━━━ DATASET EXCERPT ━━━
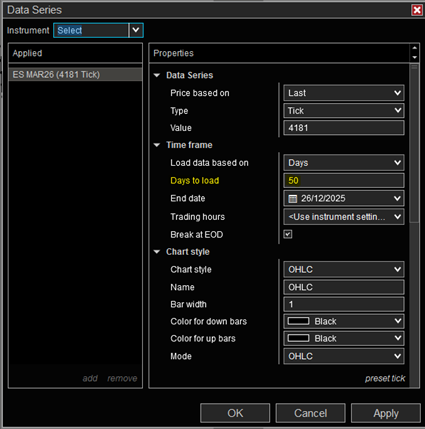 La cantidad de días que cargas en un gráfico no solo afecta cómo ves el mercado, también impacta directamente en el rendimiento de NinjaTrader. Entre más historial cargues, más pesada se vuelve la plataforma y más lenta puede sentirse.
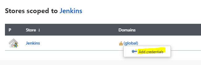 1. Dashboard > Manage Credentials 에 진입한 후 Domains의 (global) 클릭하여 'Add credentials' 를 클릭한다.
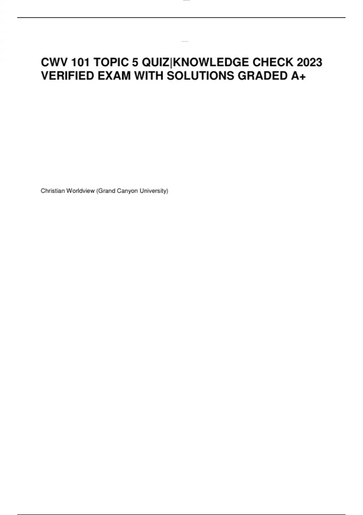 CWV 101 Christian Worldview (Grand Canyon University) 2024 LATEST TOPIC QUIZEZ GUARANTEED PASS NEW EXAMS
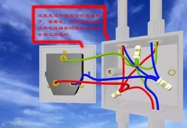 电线的打火,短路,接触不良,等等的故障不止是在接头上,还有一处是在接线盒内,有很多的现象是新房子水电都没有问题,装修结束后问题就现来了,再说一下电线盒内线头接法。看着乱其实是有规律的,红的是火线,篮的是零线,花的是地线。
━━━
WHAT TO PRODUCE: Copy the data character for character, but drop all pictures from the copy.

RESULT:
 La cantidad de días que cargas en un gráfico no solo afecta cómo ves el mercado, también impacta directamente en el rendimiento de NinjaTrader. Entre más historial cargues, más pesada se vuelve la plataforma y más lenta puede sentirse.
 1. Dashboard > Manage Credentials 에 진입한 후 Domains의 (global) 클릭하여 'Add credentials' 를 클릭한다.
 CWV 101 Christian Worldview (Grand Canyon University) 2024 LATEST TOPIC QUIZEZ GUARANTEED PASS NEW EXAMS
 电线的打火,短路,接触不良,等等的故障不止是在接头上,还有一处是在接线盒内,有很多的现象是新房子水电都没有问题,装修结束后问题就现来了,再说一下电线盒内线头接法。看着乱其实是有规律的,红的是火线,篮的是零线,花的是地线。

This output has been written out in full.